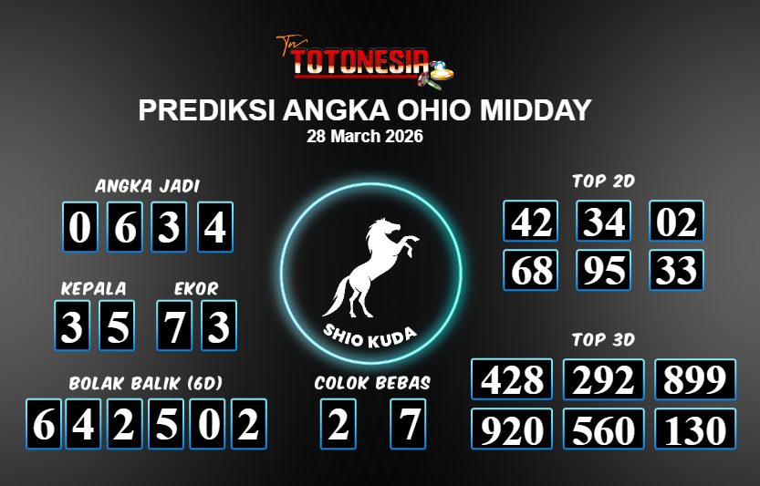 Toto Nesia : Bocoran Prediksi Togel OHIO MIDDAY Tanggal 28 MARET 2026
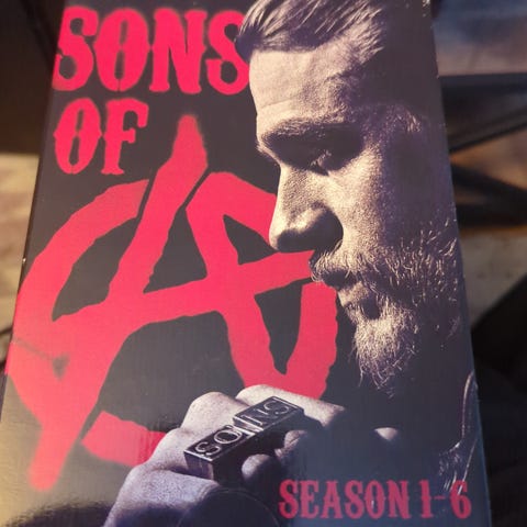 Sons of Anarchy komplett serie DVD-boks med sesong 1–7. Boksen inneholder alle episodene fra TV-serien fordelt på flere DVD-plater.
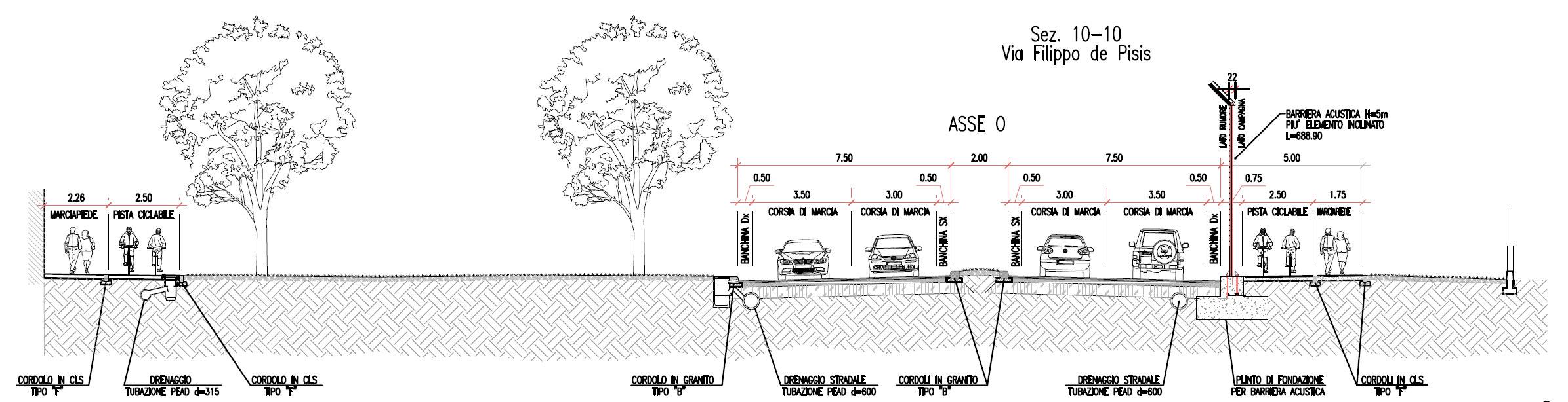 Questa struttura risulta in sintonia con l’attuale standard del Comune per quanto attiene le nuove strade di tipo interquartiere (una strada – si specifica – “che interscambi con la maglia stradale di quartiere e sia percorsa a velocità ridotta”).
□ □ □ □
## Exercise goal
Reproduce, word for word, every line from the one that contains "Sons of Anarchy" to the end of the data, including both ends; omit all pictures.

## Exercise result
 Sons of Anarchy komplett serie DVD-boks med sesong 1–7. Boksen inneholder alle episodene fra TV-serien fordelt på flere DVD-plater.
 Questa struttura risulta in sintonia con l’attuale standard del Comune per quanto attiene le nuove strade di tipo interquartiere (una strada – si specifica – “che interscambi con la maglia stradale di quartiere e sia percorsa a velocità ridotta”).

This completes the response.